◆ EXERCISE DESCRIPTION ◆
Go to the line with "Portrait realistic photography" in the entries below and write out every line from there through the line with "赤いバイクにまたがり、風を感", exactly and without pictures.

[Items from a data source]
###

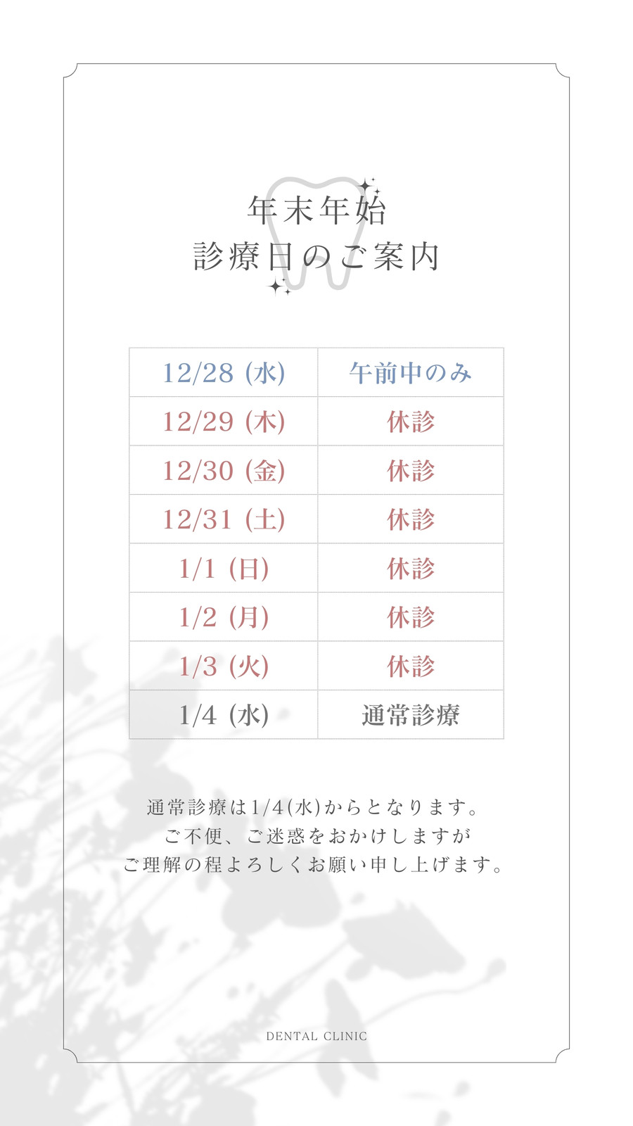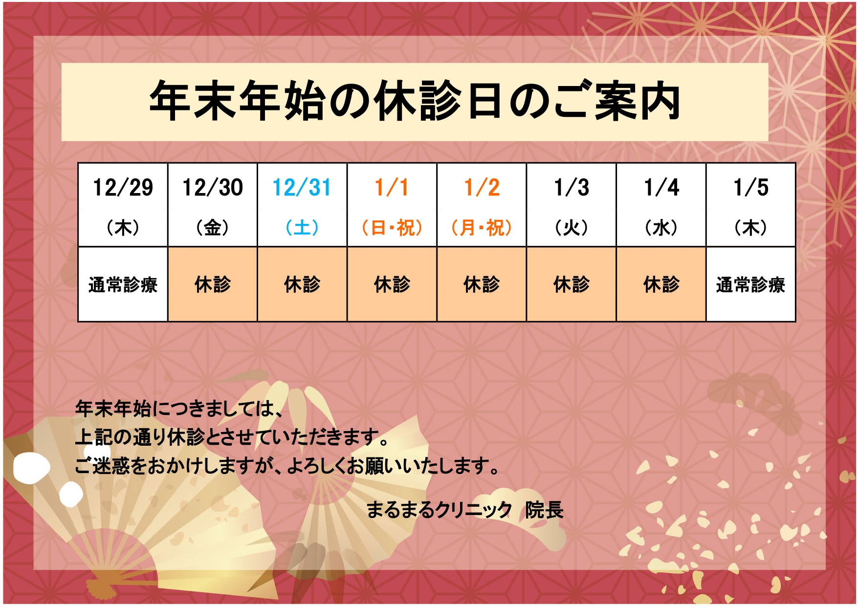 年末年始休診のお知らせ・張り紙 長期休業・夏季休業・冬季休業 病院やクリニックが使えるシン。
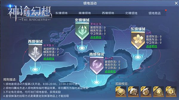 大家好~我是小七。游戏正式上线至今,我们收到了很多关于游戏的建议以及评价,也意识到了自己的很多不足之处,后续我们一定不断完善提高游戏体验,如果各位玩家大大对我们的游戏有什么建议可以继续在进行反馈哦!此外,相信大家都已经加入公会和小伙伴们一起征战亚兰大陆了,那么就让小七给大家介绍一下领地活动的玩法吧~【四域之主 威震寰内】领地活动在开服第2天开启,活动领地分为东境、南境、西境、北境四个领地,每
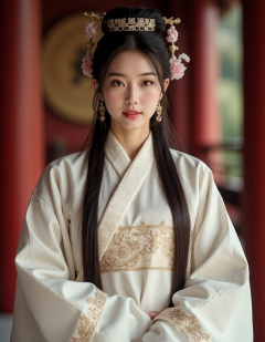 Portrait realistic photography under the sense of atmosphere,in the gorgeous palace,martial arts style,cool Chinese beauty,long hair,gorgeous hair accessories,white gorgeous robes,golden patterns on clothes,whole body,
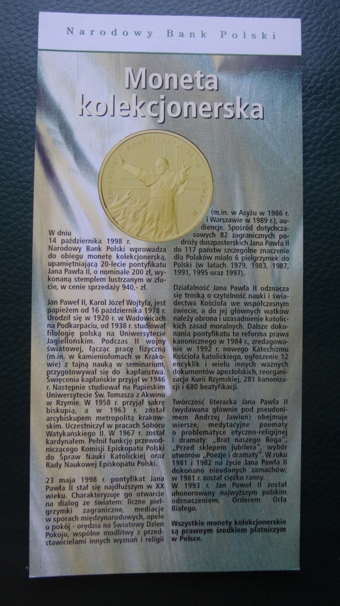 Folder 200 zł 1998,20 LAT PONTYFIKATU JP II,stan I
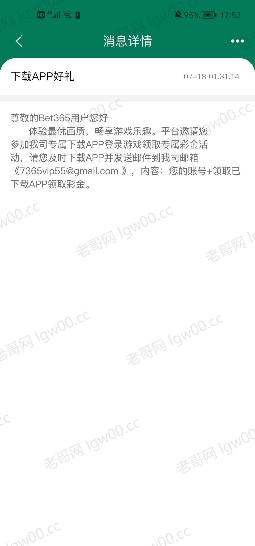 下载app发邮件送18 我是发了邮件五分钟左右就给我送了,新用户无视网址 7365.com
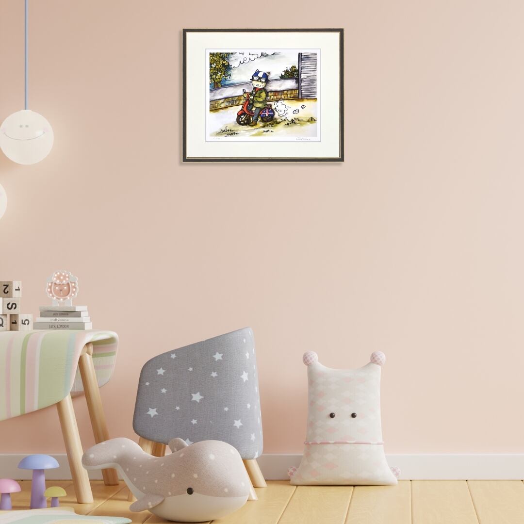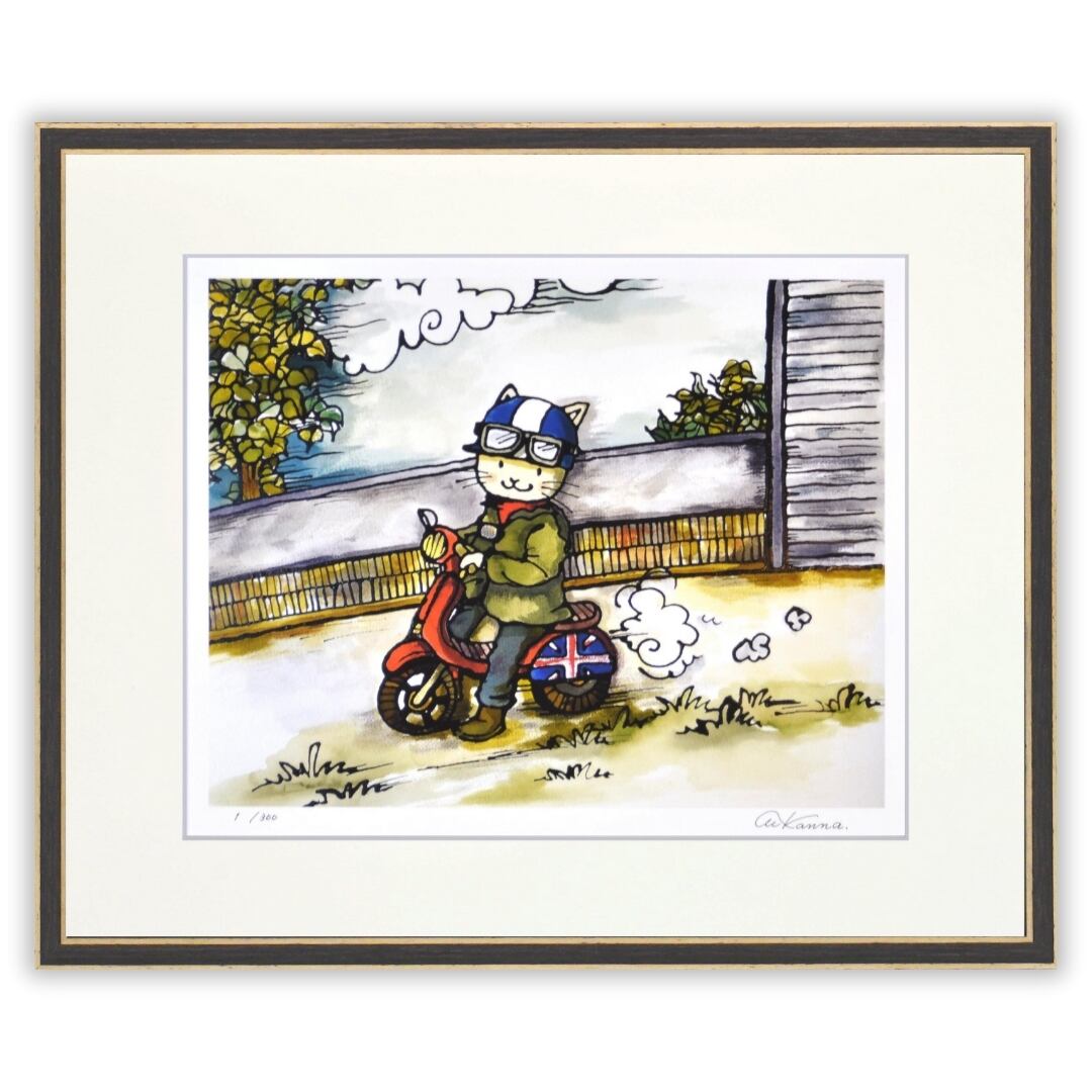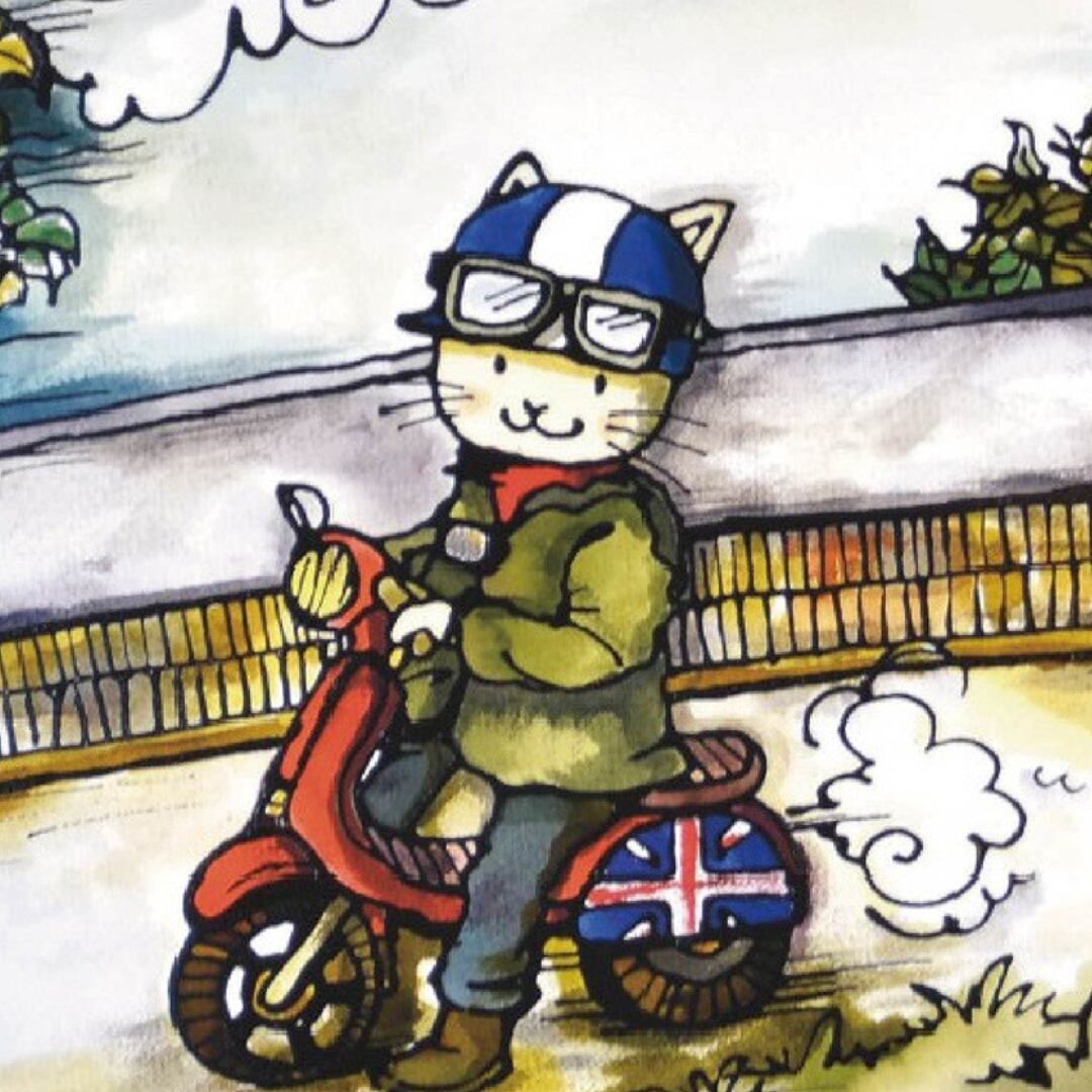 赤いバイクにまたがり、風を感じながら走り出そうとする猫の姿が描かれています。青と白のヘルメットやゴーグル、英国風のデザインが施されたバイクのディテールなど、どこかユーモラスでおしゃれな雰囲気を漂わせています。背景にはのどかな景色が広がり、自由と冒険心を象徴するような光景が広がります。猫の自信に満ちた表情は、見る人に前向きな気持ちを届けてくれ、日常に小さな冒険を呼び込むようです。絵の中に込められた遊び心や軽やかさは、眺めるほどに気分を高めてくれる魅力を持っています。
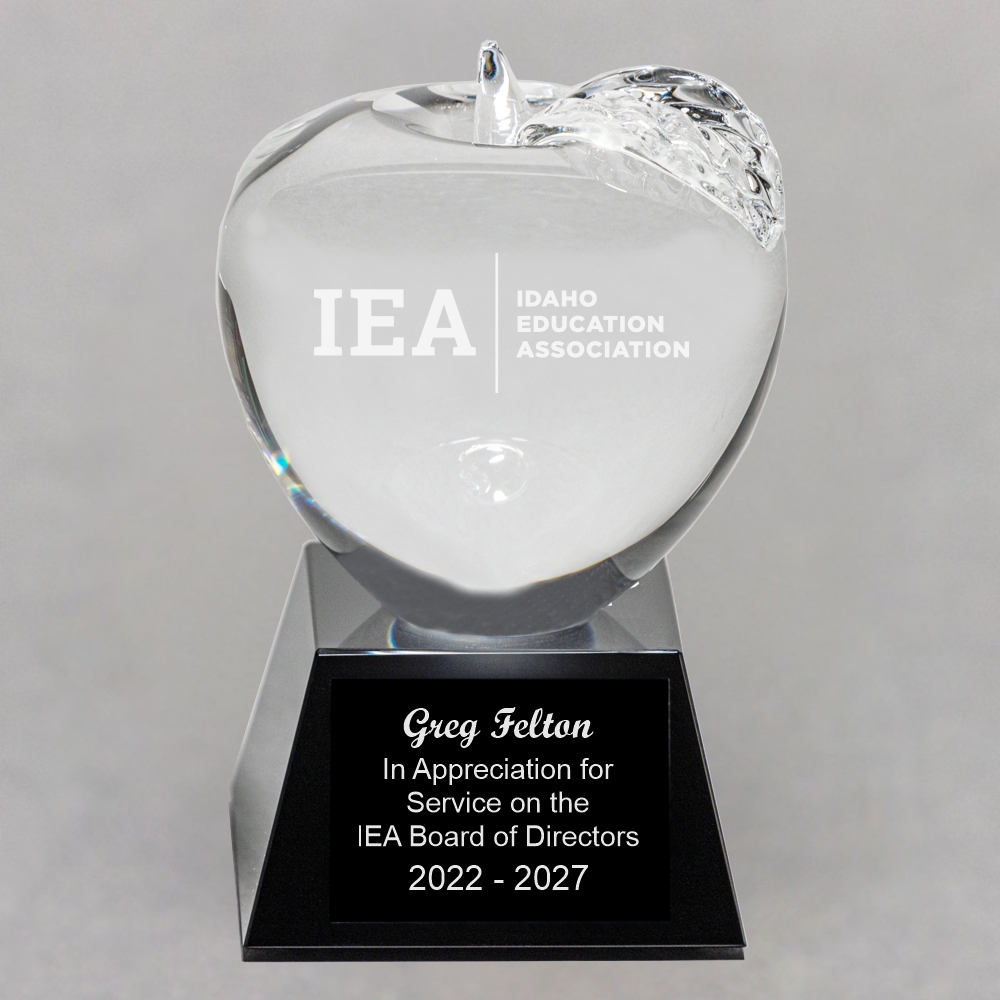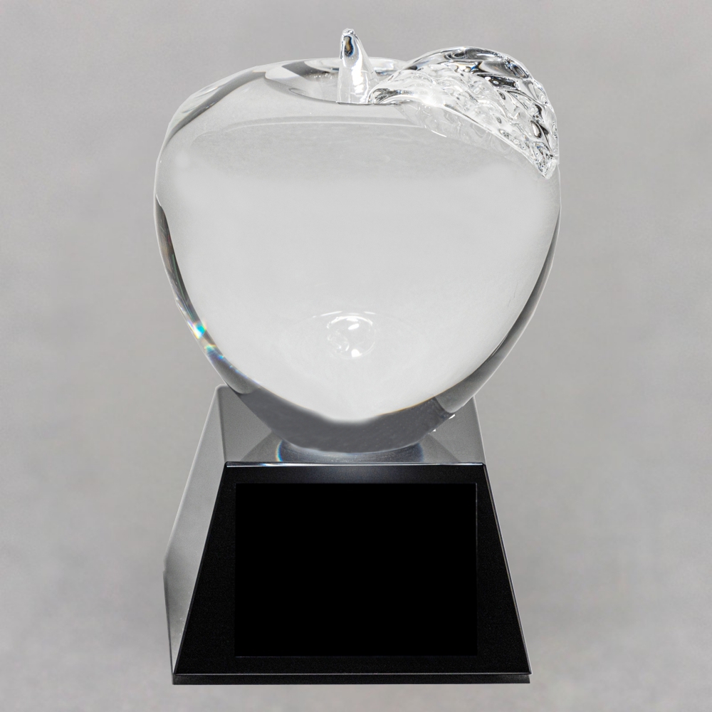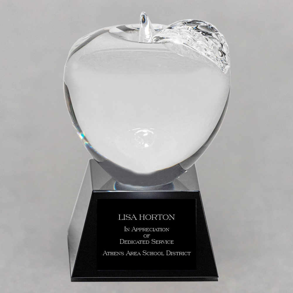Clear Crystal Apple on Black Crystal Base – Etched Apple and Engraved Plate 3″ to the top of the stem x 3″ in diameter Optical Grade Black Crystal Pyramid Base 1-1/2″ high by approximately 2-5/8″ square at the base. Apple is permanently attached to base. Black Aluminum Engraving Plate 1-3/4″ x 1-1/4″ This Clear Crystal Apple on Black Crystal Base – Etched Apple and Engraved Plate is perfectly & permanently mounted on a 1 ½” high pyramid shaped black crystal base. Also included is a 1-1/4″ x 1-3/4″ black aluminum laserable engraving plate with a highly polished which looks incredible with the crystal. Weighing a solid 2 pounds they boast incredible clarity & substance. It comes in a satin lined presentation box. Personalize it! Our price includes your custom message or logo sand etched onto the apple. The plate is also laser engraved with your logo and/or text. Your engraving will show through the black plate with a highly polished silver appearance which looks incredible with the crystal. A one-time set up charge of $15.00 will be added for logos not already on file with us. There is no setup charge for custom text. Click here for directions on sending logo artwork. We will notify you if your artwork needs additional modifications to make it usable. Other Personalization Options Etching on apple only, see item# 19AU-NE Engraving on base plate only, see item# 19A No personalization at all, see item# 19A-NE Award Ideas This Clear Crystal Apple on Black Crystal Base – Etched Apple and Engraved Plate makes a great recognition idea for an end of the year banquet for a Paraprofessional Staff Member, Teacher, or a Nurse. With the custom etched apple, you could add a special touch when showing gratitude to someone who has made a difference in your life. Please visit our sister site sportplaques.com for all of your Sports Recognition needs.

###

◆ OUTPUT ◆
 Portrait realistic photography under the sense of atmosphere,in the gorgeous palace,martial arts style,cool Chinese beauty,long hair,gorgeous hair accessories,white gorgeous robes,golden patterns on clothes,whole body,
 Folder 200 zł 1998,20 LAT PONTYFIKATU JP II,stan I
 下载app发邮件送18 我是发了邮件五分钟左右就给我送了,新用户无视网址 7365.com
 赤いバイクにまたがり、風を感じながら走り出そうとする猫の姿が描かれています。青と白のヘルメットやゴーグル、英国風のデザインが施されたバイクのディテールなど、どこかユーモラスでおしゃれな雰囲気を漂わせています。背景にはのどかな景色が広がり、自由と冒険心を象徴するような光景が広がります。猫の自信に満ちた表情は、見る人に前向きな気持ちを届けてくれ、日常に小さな冒険を呼び込むようです。絵の中に込められた遊び心や軽やかさは、眺めるほどに気分を高めてくれる魅力を持っています。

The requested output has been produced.